Our teacher had almost no idea how it worked and there was no manual or
instructions, so basically we sat in front of that green screen confused. I
managed to make a star in logo, that was about it.

I still loved playing with it anyway, this machine that you had control of
through arcane commands. It felt like you could make it do anything if you
only knew the magic command.

------
flurdy
A lot of history of the Amiga I was not aware of. I did not know they
struggled so much in the US with the 500. I thought it was a success, and the
struggles only came later after the 600, 1200, 4000, etc lost out to generic
PCs.

Where I grew up in Norway, around 1990, everyone had or wanted an Amiga 500.
Most of my mates had an Amiga, a few had a Nintendo NES. I did not know anyone
who had an Atari ST. Nor a Spectrum which I think was more popular in the UK.

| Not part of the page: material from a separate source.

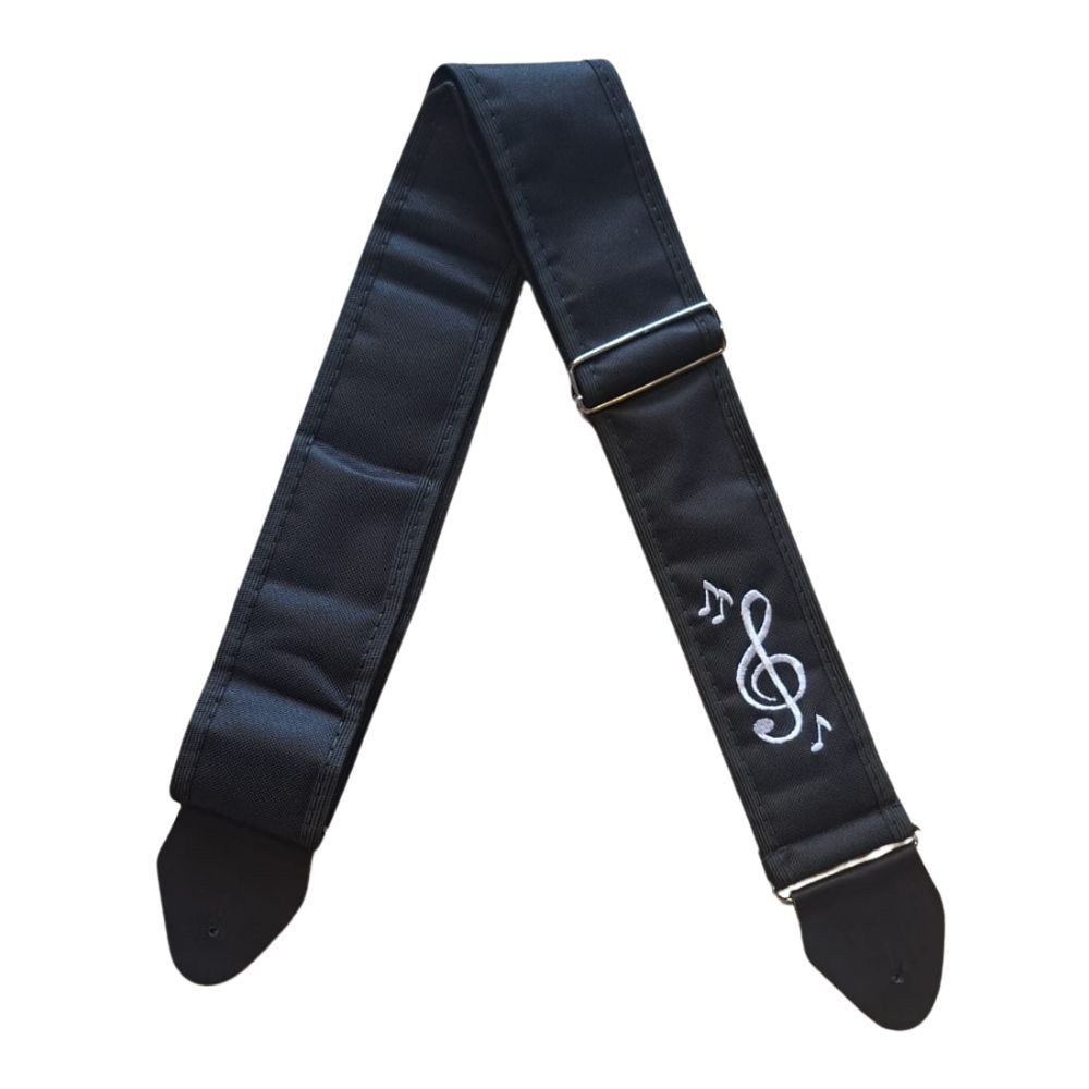 Com regulagem de comprimento, adapta-se facilmente a diferentes alturas e preferências, garantindo praticidade e firmeza durante ensaios e apresentações. Além de funcional, o detalhe bordado valoriza o instrumento e transmite personalidade ao músico.

Ah the memories of "acquiring" a bunch of games, go to a mates house and
hammer through them. The Secret of Monkey Island, Kick-Off 2 and its ilk was
my early teenage years.

Later on, I progressed to the Amiga 1200 and started to use it more as a
desktop, my first real ventures into programming and messing around with
BBSes. Before I defected to a 486 PC...

Without the Amiga, I would not be the computer person I am today. With happy
childhood memories.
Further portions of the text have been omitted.